Industry, on the other hand, has its own problems. So enamored of AI, Enterprise organizations often take a spend-first-plan-later approach. And, unable to bootstrap the AI work on their own, they may also engage startups to do the work for them, many of which aren't especially stable or well-funded. The combination leads to unacceptably high project failure rates and, even for projects deemed successful, results that often fall short of potential.

Minding the gap

FastForward Lab's (FF) mission is to help bridge this academic-industrial gap and the performance deficit of each side. One way FF does this is by acting as consultants who advise business customers on whether their data is of sufficient quality to go forward and build ML or deep learning models. If the data does offer sufficient integrity and efficacy, then FF can help apply cutting edge AI from academia, to industry. FF also publishes academic-caliber reports that result from conversations with researchers and the building of prototypes that apply the researchers' work to bona fide business contexts.

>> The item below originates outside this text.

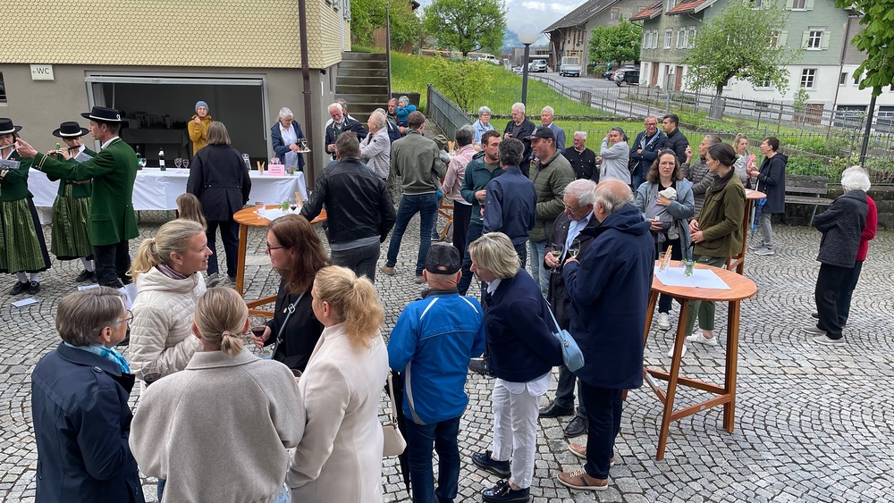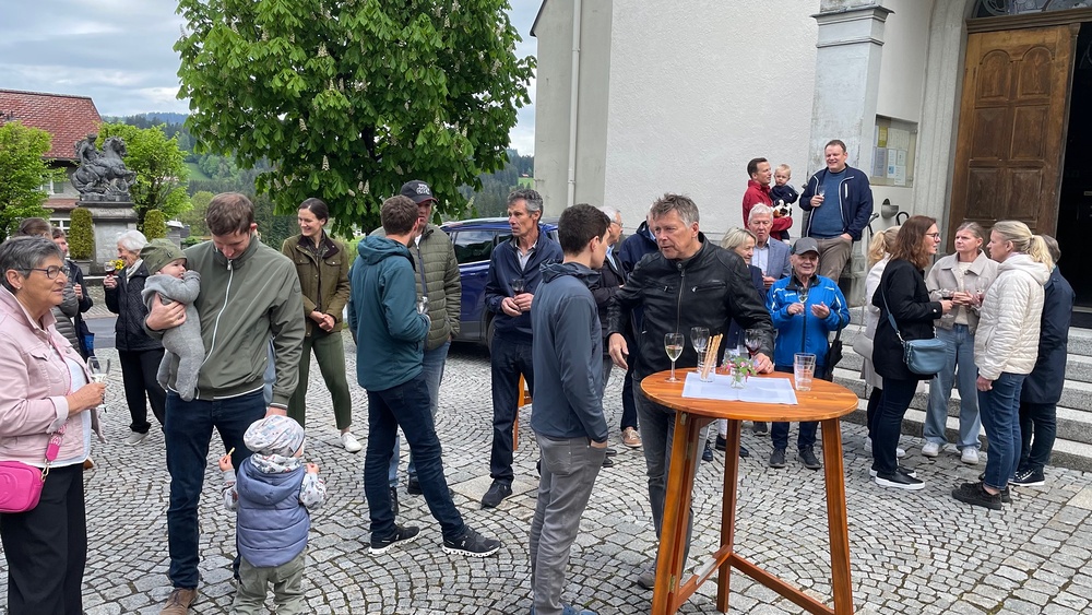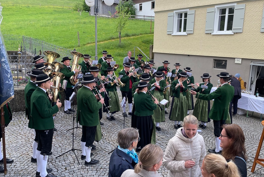 Der Lobpreis der Trompeten und Posaunen wurde erhört und so konnten wir trotz schlechter Wettervorhersage im Anschluß an den Gottesdienst bei einem Gläschen Pfarrwein noch weiteren Stücken des Musikvereins lauschen.
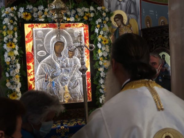 Η Παναγία μας, είναι ένα το πρόσωπο το οποίο, υπερκαλύπτει και εξαφανίζει κάθε δική μας αστοχία, κάθε δική μας απερισκεψία, κάθε δική μας αμαρτία, κάθε επιθυμία μας αποτυχία. Και γι’ αυτό αποτελεί για όλους μας καταφυγή, προστάτιδα, μεσίτρια, αποτελεί για όλους τη Μητέρα μας, γιατί μπορεί να μη μας γέννησε με φυσικό τρόπο, αλλά μας γεννά με πνευματικό τρόπο. Η Παναγία είναι το πρόσωπο, το οποίο μπορεί να γεννήσει μέσα στην καρδιά μας την αγάπη, την ανθρωπιά, την καλοσύνη, τη συγχωρητικότητα, την εμπιστοσύνη του ενός προς τον άλλον, τον σεβασμό του ενός προς τον άλλον. Η Παναγία μας είναι αυτή, η οποία μπορεί να γεννήσει την ηρεμία, την πραότητα και τη γαλήνη μέσα στη ζωή μας, που την έχουμε πολύ ανάγκη, σε μια ζωή ταραχής, σύγχυσης και πολλών και πολύπλευρων αντιξοοτήτων και δυσκολιών. Για αυτόν ακριβώς λοιπόν το λόγο είναι η προστάτιδα των θλιβομένων και είναι η παρηγοριά όλων των πονεμένων και τούτη τη μέρα και πάντοτε οι άνθρωποι που υποφέρουν, που πάσχουν, που πονούν, τρέχουν στην Παναγία μας και κυρίως τρέχουν στην Παναγία μας και βρίσκουν καταφυγή οι άνθρωποι, οι οποίοι είμαστε βυθισμένοι στις αμαρτίες, οι άνθρωποι, οι οποίοι έχουμε προδώσει τον Θεό, οι άνθρωποι, οι οποίοι έχουμε παραβεί το θέλημα του Θεού, γιατί ξέρουμε ότι μόνο στην Παναγία μπορούμε να βρούμε παρηγοριά, μόνο η Παναγία μπορεί να μας σκεπάσει και να μας στηρίξει, να μας ενδυναμώσει και να μας δώσει το κουράγιο που χρειαζόμαστε για να κάνουμε ένα νέο ξεκίνημα στη ζωή μας.

Customers can subscribe to these reports and engage FF to help them build out a data science organization. This includes helping customers recruit data scientist talent, and also to determine priorities and initiatives. FF will mentor customers through early initiatives that can demonstrate quick results and strong ROI, and may then progress into more sophisticated work, with higher risk but also higher potential value. FF will even do machine learning development work for customers -- but all with an eye toward helping the customer get its in-house data science group going -- and not acting as that group on an outsourced basis.

AI for the rest of us?

For those unable to engage FF, what are some ways to make AI more actionable? There's been lots of talk lately about automated machine learning (AutoML) as a "democratizing" technology. And, of course, there are lots of data science platforms available today, from various companies, including Cloudera.  

Where does Mason come down on such technologies?  To begin with, she predicts AutoML will become commoditized within a few years. She sees it less as a tool for business users to do AI, and more as a productivity tool for data scientists whose skills we will still need. Of course, Mason is a data scientist and may have some vested interest in that point of view; AutoML probably benefits both groups, and could benefit developers as well.

Mason says today's tooling is geared towards technical data scientists and that that's not enough - since data engineers and admins need to be part of the equation, too. She says Cloudera's ambitions go well past its current Data Science Workbench offering. So maybe we'll see Cloudera support these other AI workloads, and perhaps that commoditized AutoML technology will be brought to bear as well.

On-board with "boring"

One thing is pretty clear though: if one of the industry's foremost data scientists thinks we have to calm down about the technology of AI, then vendors and customers should focus more on its prolific and careful application, and less on its gloss and prestige.

Early startups typically have a tough time doing that, though, so it may be up to the Clouderas, Microsofts, Amazons and Googles of the world to push us further along.